Three large rubberized feet offer a nice base for you to set the stick on. The tripod configuration of the rubber feet offer a good amount of traction and it stayed still nicely on all the desk surfaces I tested on. Its wide base keeps the stick stable during all sorts of fast action. By taking off the bottom of the base, you insert three AA batteries to power the stick.
If you own other Logitech wireless game controllers, the receiver will look very familiar. On the front is a connection button with an LED underneath. If, for some reason the connection between the receiver and the joystick gets interrupted, you can reconnect the two by pushing the connect button and then any button on the joystick. A solid green means that you have a solid connection. If it’s blinking then you need to connect the joystick. On the joystick base there’s a clear Logitech logo that lights green when connection is made and orange when searching for the receiver.
Plugging the receiver in the USB port of my Windows XP computer, the OS had no problem recognizing the joystick and setting it up for operation.
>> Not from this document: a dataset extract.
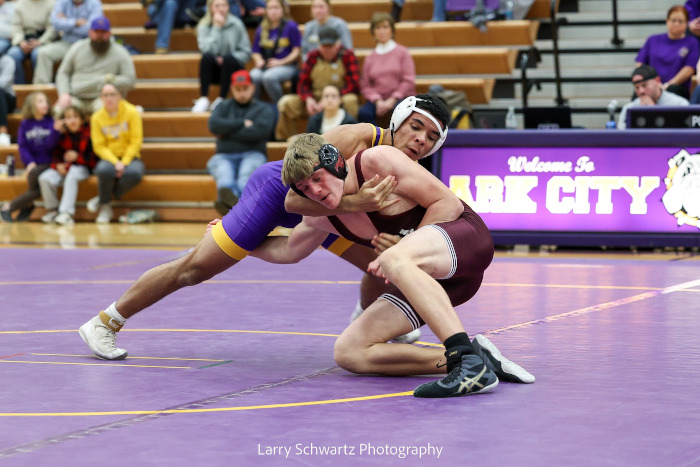 Ark City wrestling takes on Salina Central last week in Ark City. (Photo courtesy Larry Schwartz)

Without using any of the Logitech software, I went into the Control Panel and game controllers to see if it was operational. Sure enough, the joystick showed up correctly labeled and testing each function yielded the appropriate response. Pressing multiple buttons and performing movements with the stick and hat also showed up correctly in the test window.I do suggest installing the software though as it adds the ability to double all the buttons by assigning one as a shift button. You can also adjust the deadzone of the stick and also load profiles for certain games.
The one game I really was anxious to use this stick with was Battlefield 1942
. Battlefield 1942
is a game that you really need more than one controller to truly play. With a wireless mouse and keyboard setup already, having a wireless controller for flying can really help alleviate the mess around your playing area along with being able to switch between devices without having to deal with cords. Spending a good amount of time with the game, I found flying with the Freedom 2.4 Cordless
to be trouble and lag free. The stick was a bit touchy though but that was taken care of by increasing the deadzone. After I adjusted it to my liking, flying was a breeze. Having more than enough buttons to control the plane, I was soaring the skies with the greatest of ease. The controller worked out really well and I didn’t notice any delay when pressing a button or moving the stick. Playing Mechwarrior 4: Mercenaries
I had another solid experience using the controller. Torso twist was easily accomplished by the twisting handle and I had no problems controlling the speed of the mech with the throttle.
The Freedom 2.4 Cordless
stick is one great piece of work coming from Logitech. It offers lag free gameplay with a good amount of buttons for you to program. While I do have a few minor gripes about the layout of the top, overall I really liked how the stick handled. Logitech continues to offer great cordless solutions and the Freedom 2.4 Cordless
is no exception.
The Freedom 2.4 Cordless works and works well. With enough buttons to go around, you'll be flying planes or piloting mechs with no lag.